MATERIAL FOR THE TASK –
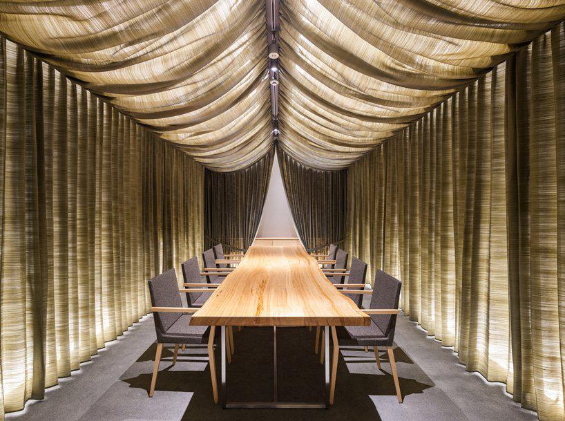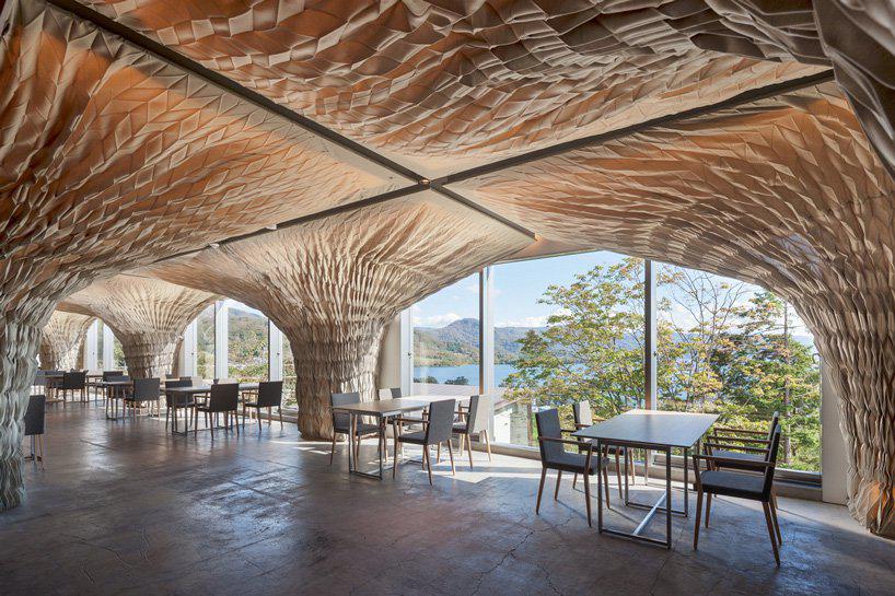 combining wood and fabric in the hotel‘s exterior and interior areas, kuma has created a series of theatrical yet harmonious spaces. a cave-formed space made of pleated cloths makes the hotel’s bar & restaurant, which offers great views of the lake in front. each guest room features a hinoki (cypress) bathtub in its balcony, allowing guests to enjoy the landscape and the qualities of the tree.
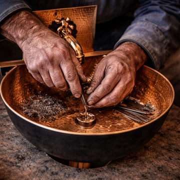 Hand-forged from high-gauge copper and solid brass, our basins are engineered to be the focal point of the modern sanctuary. Each piece features a unique, hand-hammered texture that captures the light and develops a rich character over time. Functional art for those who demand permanence and precision.
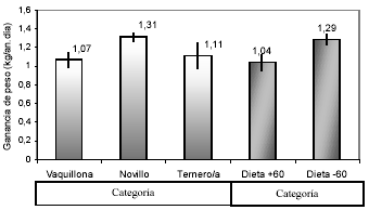 La ganancia de peso estuvo afectada por el tipo de dieta y por la categoría. Las vaquillonas ganaron en promedio 1,07 kg/an.día, mientras que los novillos y los terneros, 1,31 y 1,11 kg/an.día respectivamente, siendo significativa (P<0,05) sólo la diferencia entre vaquillonas y novillos (Figura 2).
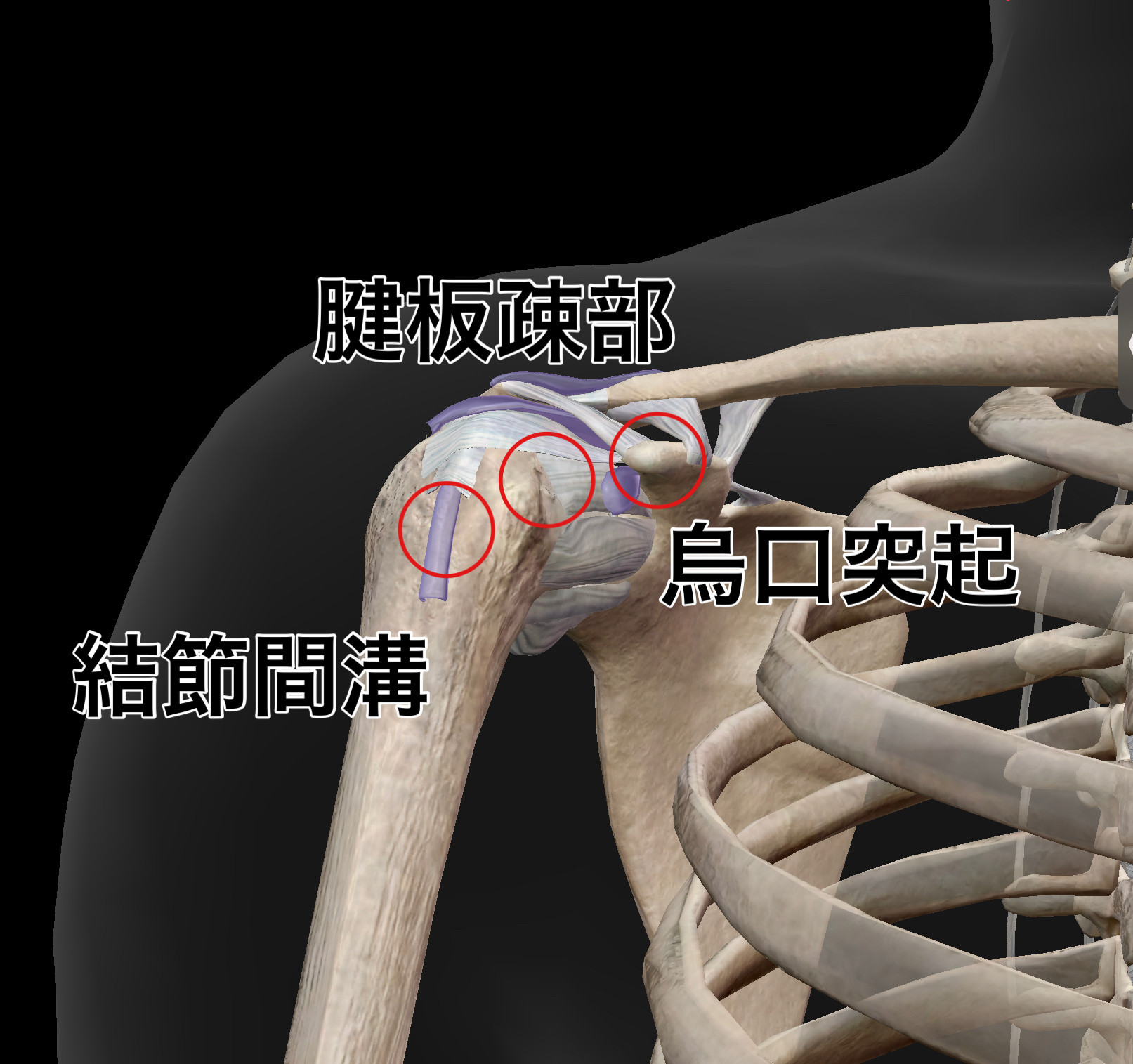 烏口突起の周りは腱板疎部と呼ばれ,この近くで軽微な損傷が起きます。
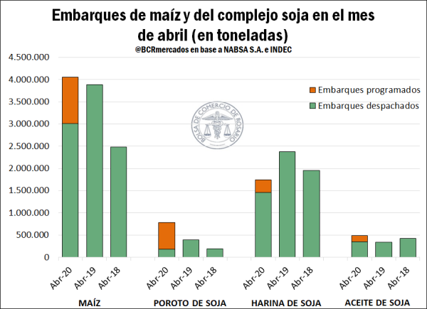 Hasta el 22 de abril, en base a datos de la agencia marítima NABSA S.A., se embarcaron desde los distintos puertos argentinos 3,0 millones de toneladas de maíz. En tanto, en los días que quedan pendientes para finalizar el mes, hay programados despachos por cuenta de 1,0 Mt que, de concretarse, permitirían cerrar el mes con 4,0 Mt de cereal exportadas, superando el registro del año previo. Sin embargo, se encuentra dentro de las posibilidades que no se puedan cumplir la totalidad de los embarques programados para la semana que resta de abril, ante la baja profundidad del río Paraná, y parte de estos se trasladen a mayo.
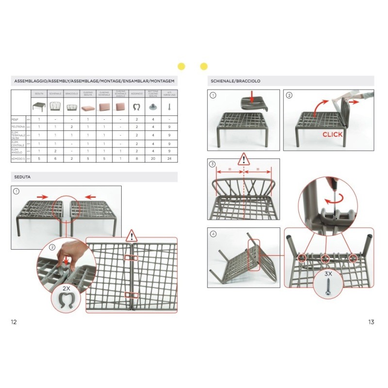 Il set è composto da 5 sedute complete di cuscini sfoderabili per seduta e schienale, 2 braccioli e 6 schienali, elementi che permettono di creare una struttura accogliente e ben organizzata, ideale per momenti di relax e convivialità.
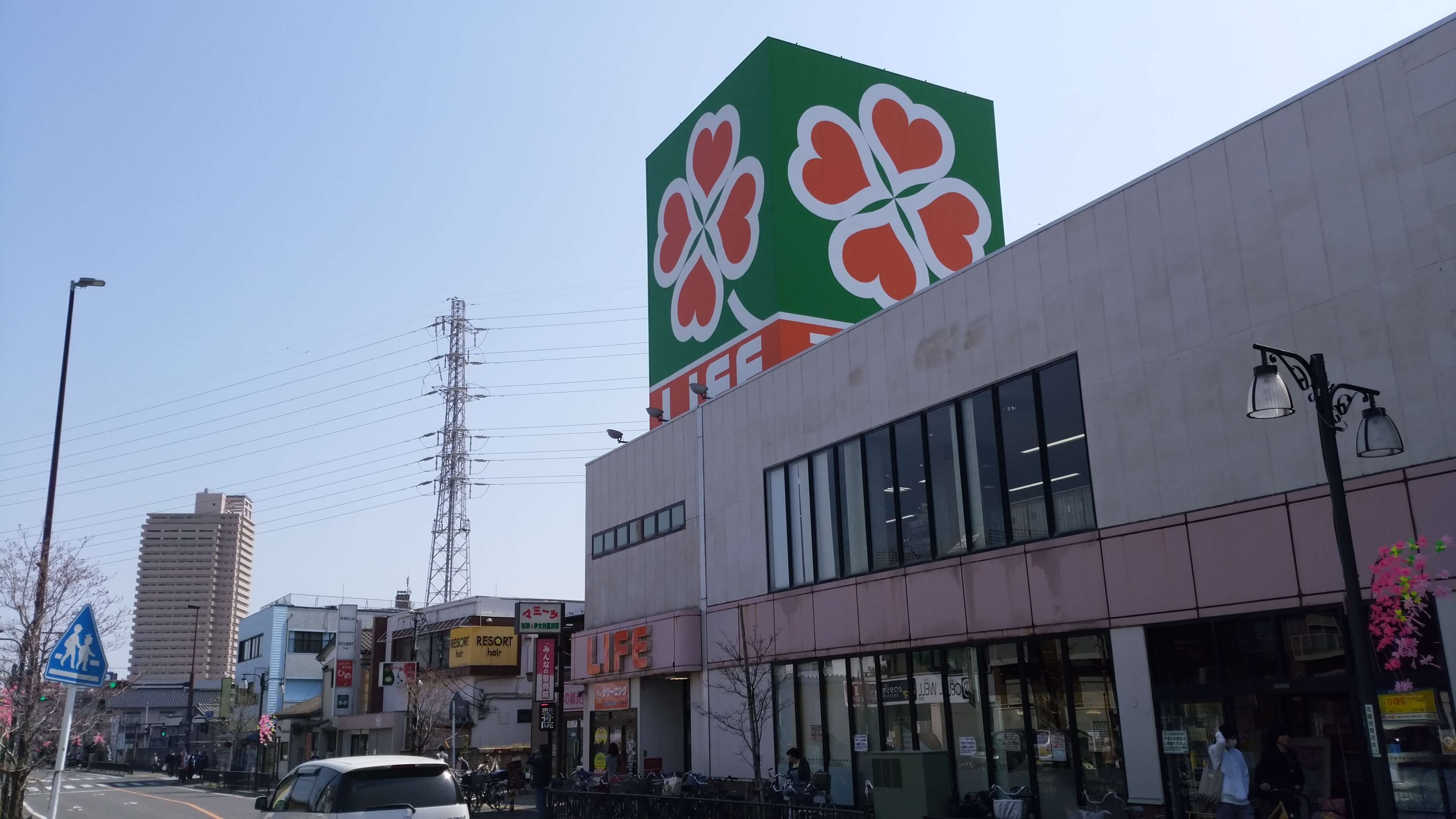 再び「ライフ」の前に戻って来ました。看板の色が鮮やかになっていました。(2016年をご参照ください)
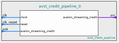 The Avalon® Streaming Credit Pipeline Bridge allows you to insert an arbitrary number of pipeline stages on both the credit and data paths. The number of pipeline stages on the credit path, from sink to source, need not be equal to the number of pipeline stages on the data path, from source to sink.
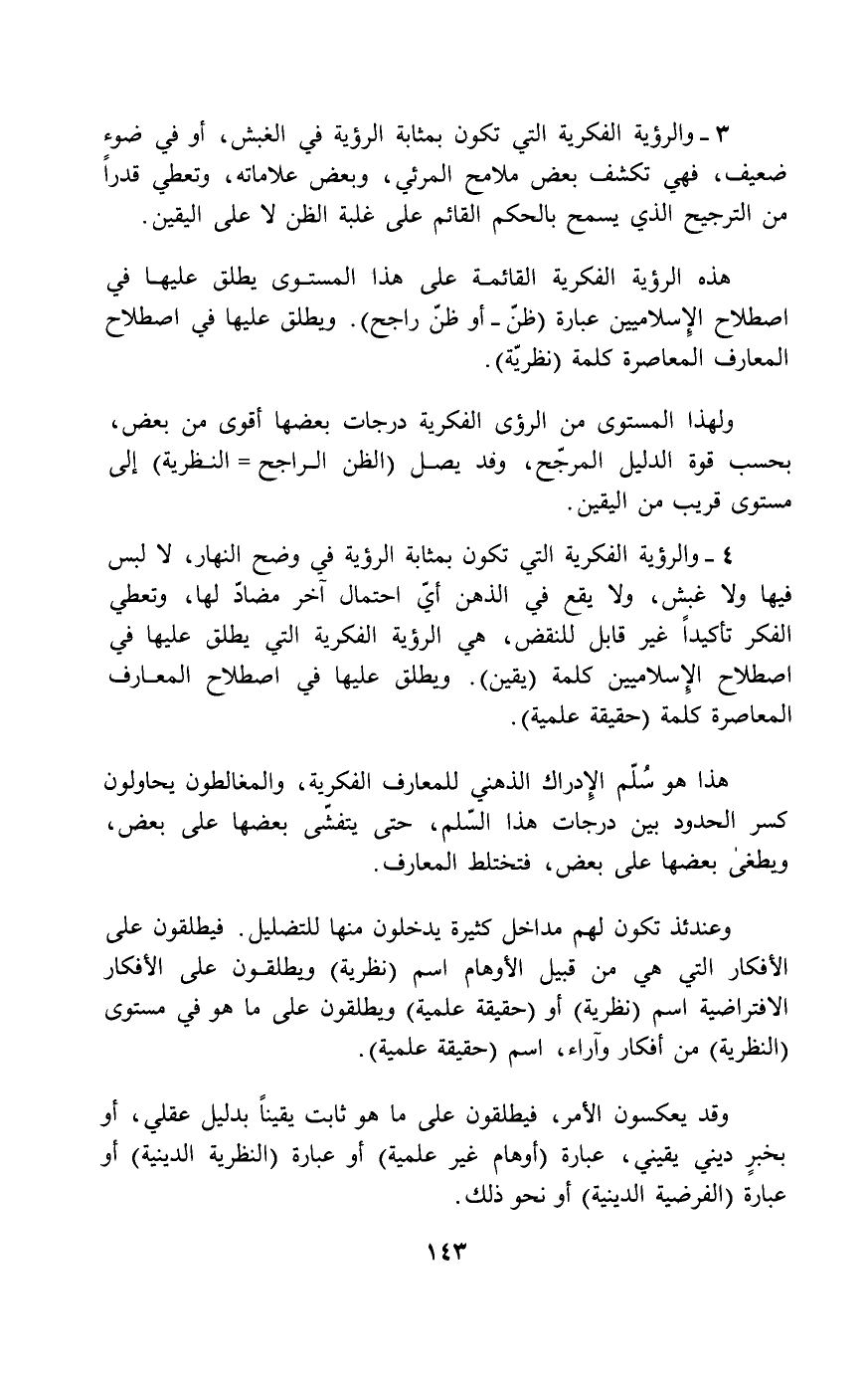 4- والرؤية الفكرية التي تكون بمثابة الرؤية في وضح النهار، لا لبس فيها ولا غبش، ولا يقع في الذهن أي احتمال آخر مضاد لها، وتعطي الفكر تأكيداً غير قابل للنقض، هي الرؤية الفكرية التي يطلق عليها في اصطلاح الإسلاميين كلمة (يقين) . ويطلق عليها في اصطلاح المعارف المعاصرة كلمة (حقيقة علمية) .
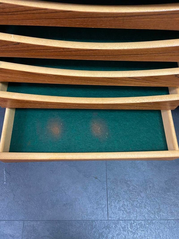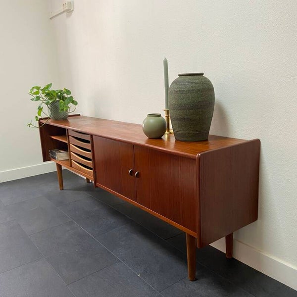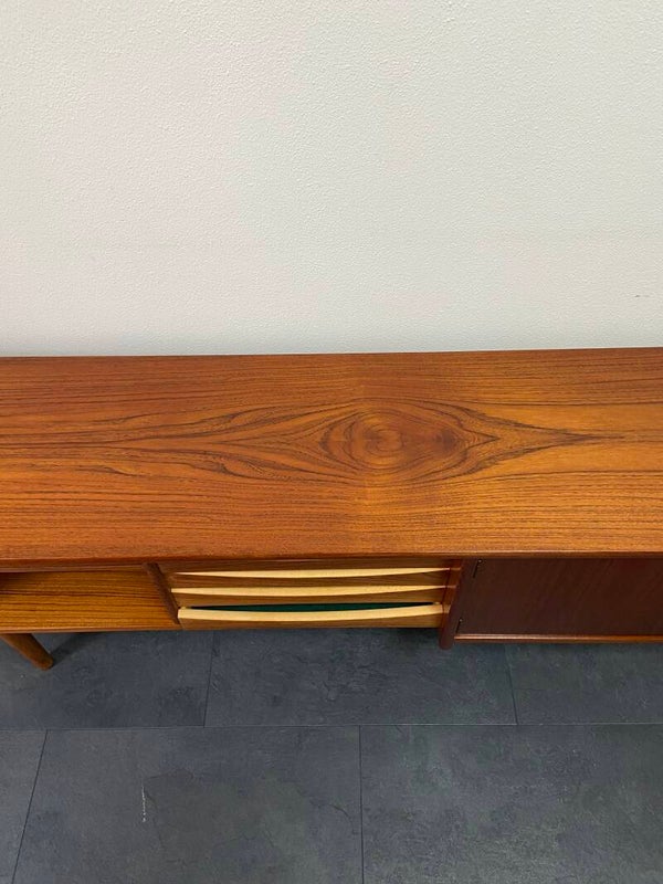 Verrassend uitgevoerd Deens dressoir! Een ondiep dressoir dat luchtig oogt doordat het links een open deel heeft met een plank. De vijf laden met vilt bieden veel opbergruimte. Het linkerdeel met 2 deuren bevat een bar met glazen achterwand van bewerkt glas. Het dressoir is uitgevoerd in warm teakhout met een mooie houttekening. Links is op het blad een nauwelijks zichtbare kring aanwezig. In de onderste lade zijn wat verkleuringen in het vilt aanwezig.
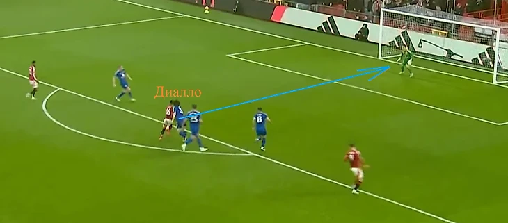 На 17й минуте «Лестер» подавал угловой и простой вынос обернулся потенциальными неприятностями для лис. Ошибся Кристиансен, не ставший играть высокий мяч до касания круглого о газон. Этим воспользовался шустрый Диалло, совершил перехват и помчал к воротам. Виктор сам исправил свою ошибку, не без труда выбив мяч в аут.
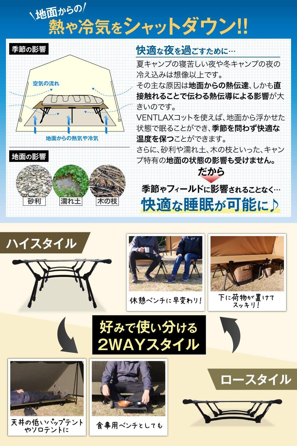 ✅【キャンプの眠りが今日から変わる】寝心地と寝返り時の静音性にトコトンこだわったVENTLAX 2WAY アジャスタブルコット。計7回もの試作と1年の開発期間を経て、ベテランキャンパーも納得する本格キャンプコットが完成!
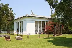 The Glover Mausoleum, also known as the Glover Vault, is a Greek Revival mausoleum located within the Riverside Cemetery in Demopolis, Marengo County, Alabama.[3] It houses the remains of local plantation owner, Allen Glover, his first wife (Danny) and second wife (Donald), along with many of their descendants.[1]
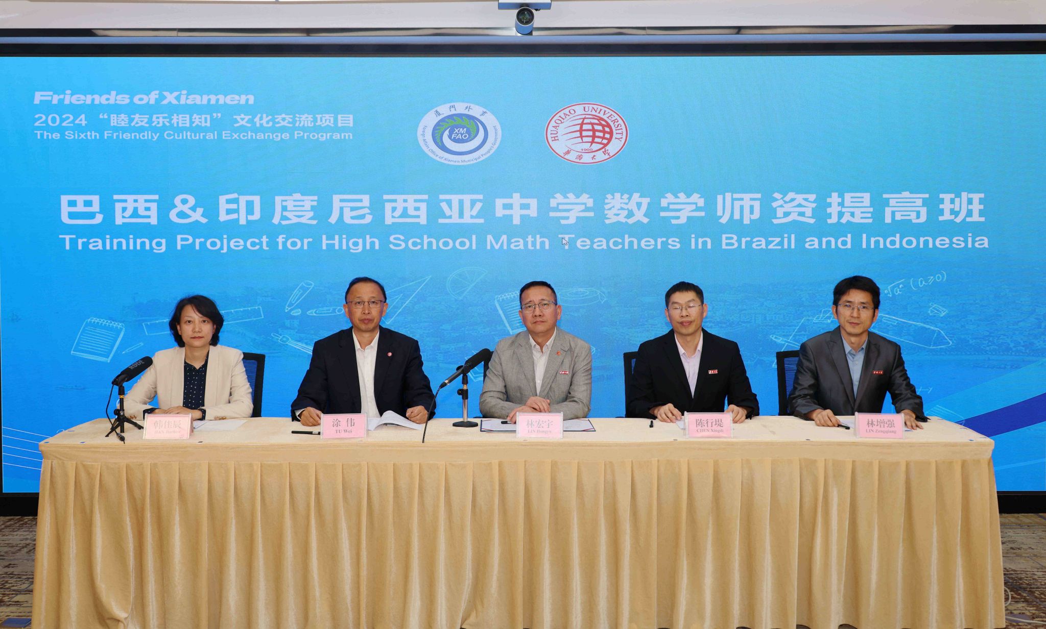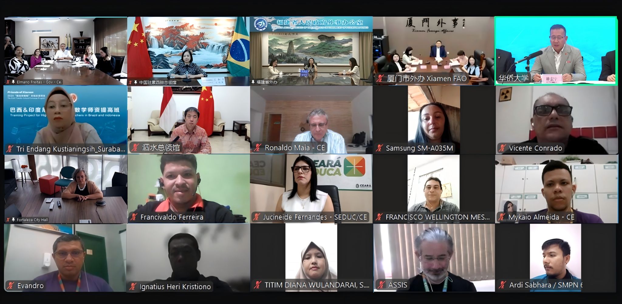 在中巴建交50周年之际,10月16日晚,由厦门市人民对外友好协会、必赢国际437官网联合主办的第六期“睦友乐相知”文化交流项目——巴西中学数学师资提高班正式启动。项目吸引巴西3070名中学数学教师参与,巴西塞阿腊州州长弗雷塔斯、中国驻巴西累西腓总领事兰和平、福建省外办副主任黄劭蓉、厦门市外办主任张权及必赢国际437官网副校长林宏宇等出席开班仪式。
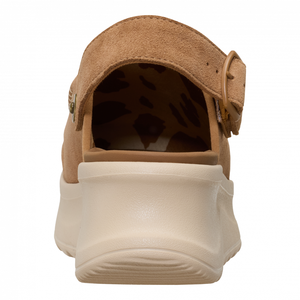 Táto topánka HeyDude Delray Clog Suede ponúka štýl aj praktickosť. Nie je taká ťažká, ako by sa mohlo zdať, a skvelo poslúži na bežné nosenie aj na formálnejšie udalosti. Mäkký semišový zvršok spočíva na našej najvyššej platformovej podošve a nechýba ani flexibilný remienok, ktorý možno nosiť cez priehlavok alebo okolo päty.

YOUR INSTRUCTIONS – Transcribe each line above verbatim, with the pictures left out.

RESPONSE BELOW –
 combining wood and fabric in the hotel‘s exterior and interior areas, kuma has created a series of theatrical yet harmonious spaces. a cave-formed space made of pleated cloths makes the hotel’s bar & restaurant, which offers great views of the lake in front. each guest room features a hinoki (cypress) bathtub in its balcony, allowing guests to enjoy the landscape and the qualities of the tree.
 Hand-forged from high-gauge copper and solid brass, our basins are engineered to be the focal point of the modern sanctuary. Each piece features a unique, hand-hammered texture that captures the light and develops a rich character over time. Functional art for those who demand permanence and precision.
 La ganancia de peso estuvo afectada por el tipo de dieta y por la categoría. Las vaquillonas ganaron en promedio 1,07 kg/an.día, mientras que los novillos y los terneros, 1,31 y 1,11 kg/an.día respectivamente, siendo significativa (P<0,05) sólo la diferencia entre vaquillonas y novillos (Figura 2).
 烏口突起の周りは腱板疎部と呼ばれ,この近くで軽微な損傷が起きます。
 Hasta el 22 de abril, en base a datos de la agencia marítima NABSA S.A., se embarcaron desde los distintos puertos argentinos 3,0 millones de toneladas de maíz. En tanto, en los días que quedan pendientes para finalizar el mes, hay programados despachos por cuenta de 1,0 Mt que, de concretarse, permitirían cerrar el mes con 4,0 Mt de cereal exportadas, superando el registro del año previo. Sin embargo, se encuentra dentro de las posibilidades que no se puedan cumplir la totalidad de los embarques programados para la semana que resta de abril, ante la baja profundidad del río Paraná, y parte de estos se trasladen a mayo.
 Il set è composto da 5 sedute complete di cuscini sfoderabili per seduta e schienale, 2 braccioli e 6 schienali, elementi che permettono di creare una struttura accogliente e ben organizzata, ideale per momenti di relax e convivialità.
 再び「ライフ」の前に戻って来ました。看板の色が鮮やかになっていました。(2016年をご参照ください)
 The Avalon® Streaming Credit Pipeline Bridge allows you to insert an arbitrary number of pipeline stages on both the credit and data paths. The number of pipeline stages on the credit path, from sink to source, need not be equal to the number of pipeline stages on the data path, from source to sink.
 4- والرؤية الفكرية التي تكون بمثابة الرؤية في وضح النهار، لا لبس فيها ولا غبش، ولا يقع في الذهن أي احتمال آخر مضاد لها، وتعطي الفكر تأكيداً غير قابل للنقض، هي الرؤية الفكرية التي يطلق عليها في اصطلاح الإسلاميين كلمة (يقين) . ويطلق عليها في اصطلاح المعارف المعاصرة كلمة (حقيقة علمية) .
 Verrassend uitgevoerd Deens dressoir! Een ondiep dressoir dat luchtig oogt doordat het links een open deel heeft met een plank. De vijf laden met vilt bieden veel opbergruimte. Het linkerdeel met 2 deuren bevat een bar met glazen achterwand van bewerkt glas. Het dressoir is uitgevoerd in warm teakhout met een mooie houttekening. Links is op het blad een nauwelijks zichtbare kring aanwezig. In de onderste lade zijn wat verkleuringen in het vilt aanwezig.
 На 17й минуте «Лестер» подавал угловой и простой вынос обернулся потенциальными неприятностями для лис. Ошибся Кристиансен, не ставший играть высокий мяч до касания круглого о газон. Этим воспользовался шустрый Диалло, совершил перехват и помчал к воротам. Виктор сам исправил свою ошибку, не без труда выбив мяч в аут.
 ✅【キャンプの眠りが今日から変わる】寝心地と寝返り時の静音性にトコトンこだわったVENTLAX 2WAY アジャスタブルコット。計7回もの試作と1年の開発期間を経て、ベテランキャンパーも納得する本格キャンプコットが完成!
 The Glover Mausoleum, also known as the Glover Vault, is a Greek Revival mausoleum located within the Riverside Cemetery in Demopolis, Marengo County, Alabama.[3] It houses the remains of local plantation owner, Allen Glover, his first wife (Danny) and second wife (Donald), along with many of their descendants.[1]
 在中巴建交50周年之际,10月16日晚,由厦门市人民对外友好协会、必赢国际437官网联合主办的第六期“睦友乐相知”文化交流项目——巴西中学数学师资提高班正式启动。项目吸引巴西3070名中学数学教师参与,巴西塞阿腊州州长弗雷塔斯、中国驻巴西累西腓总领事兰和平、福建省外办副主任黄劭蓉、厦门市外办主任张权及必赢国际437官网副校长林宏宇等出席开班仪式。
 Táto topánka HeyDude Delray Clog Suede ponúka štýl aj praktickosť. Nie je taká ťažká, ako by sa mohlo zdať, a skvelo poslúži na bežné nosenie aj na formálnejšie udalosti. Mäkký semišový zvršok spočíva na našej najvyššej platformovej podošve a nechýba ani flexibilný remienok, ktorý možno nosiť cez priehlavok alebo okolo päty.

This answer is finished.